In Which the Only Way Forward is Forward.
I have this bad habit, as a writer. I erase. All the time. I’ve written about this, actually, and bragged about it too. My approach to revision: Select All; Delete. I have done this. Many times.
And I’ll use evocative language to describe it – something about standing at precipices, or burning the fields to make them bear, or pulling up the boundary fences and standing in the center of wild, limitless space. I’ll say something about the dust of supernovae giving rise to brand new galaxies and that nothing is ever really lost.
And I stand by it, mostly. But I’ve never actually told the whole story. Because sometimes, my crushing need to rid myself of chaff and weak sentences and imperfect paragraphs prevents my stories from moving forward. I write; I go back; I fuss; I erase; I re-write; I fuss; I erase; I re-write; I fuss; I erase. And the book gets stuck. And I become much more unpleasant to live with (my family denies that last bit, but I think they are just being nice).
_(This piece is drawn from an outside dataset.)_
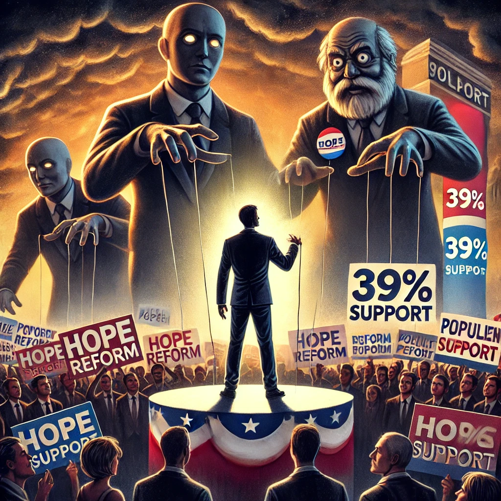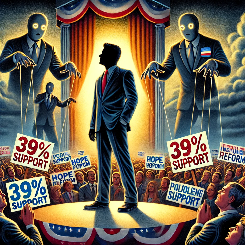 A lone candidate shines onstage before a hopeful crowd, “39% Support” glowing above. In the background, ominous faceless figures in suits lurk behind curtains, manipulating strings. A distant family watches anxiously as dark clouds gather overhead. The piece captures the tension between public enthusiasm and hidden pressure from entrenched powers.

Erasing can be empowering, but it can be a trap, too. I have been trapped. Ask anyone you like.
So this next book is erasure-free. I am trying it out as an experiment. I am not allowed to erase anything until I type “The End”. I am walking on a long, straight road, and I am not looking back – not for a second. Each day I write. Each day I bring the story a little further along. Each day I take notes on my little novel-progress notebook. What I noticed that writing day. What questions I have for my characters. Ideas to work in later. Things that I know I’ll have to fix, but I’m not going to right now.

This is me. Right now. Except with a different hat.
And there is something to it, actually. This forward motion. I have absolutely no idea if the book sucks. I have absolutely no idea if my sentences are working. I have absolutely no idea if the texture of the language works rhythmically – if it feels good in the mouth and ear (this is something I put a lot of time into, actually. My books are read out loud somewhere on the order of a hundred times before I turn that sucker in.) Of course, this is not to say that I won’t erase later, or that I won’t spend hours and hours on a single sentence. What it does change, though, is this stage of the game. This process of invention and discovery. And I have to say, I’m having a pretty good time.
No. I’m having a great time.
I had a pretty good idea about the shape of this story before I began, but even now, thirty thousand words in, I’m encountering all kinds of things that have surprised me. For example:
1. There is a convent of nun-assassins who are both crafty and terrifying. Their needlework is as menacing as their swordplay.
2. There is a stone that looks like a stone but is actually a door.
3. The verses of ancient poetry are carved into the living trunks of ancient trees, spiraling around and around from the ground to the upper branches.
4. Sometimes, carpentry is a better career choice. Not everyone is cut out to be a despot, after all.
5. Paper birds can be used as weapons.
6. Magic, like puberty, can hit a person like a runaway garbage truck, and can be just as confusing, disorienting and undignified.
7. Sometimes we lie to the people we love. It doesn’t mean we don’t love them. But it can make them not love us.
8. Gout is the most unpleasant of maladies.
9. Confounding architecture is ridiculously fun to write about.
10. Dragons are the biggest scaredy-cats in the whole wide world.
As I said: It might be terrible. It likely is terrible. And maybe I can un-terrible it later, and maybe I cannot. But this freedom I feel right now – freedom from worry, freedom from fussing, freedom from beating myself up for not being perfect, freedom from casting a pale eye on the work I had done thereby slowing the work that I will do – well. It feels pretty great. And while clearing the decks on a manuscript and starting over sometimes feels wild and free and unencumbered, there is something to the forward motion as well.
There is no looking back. There is nothing behind me. There’s only my feet and my breath and my swinging arms. There is only my eyes on the mountain ahead. And clear, blue sky.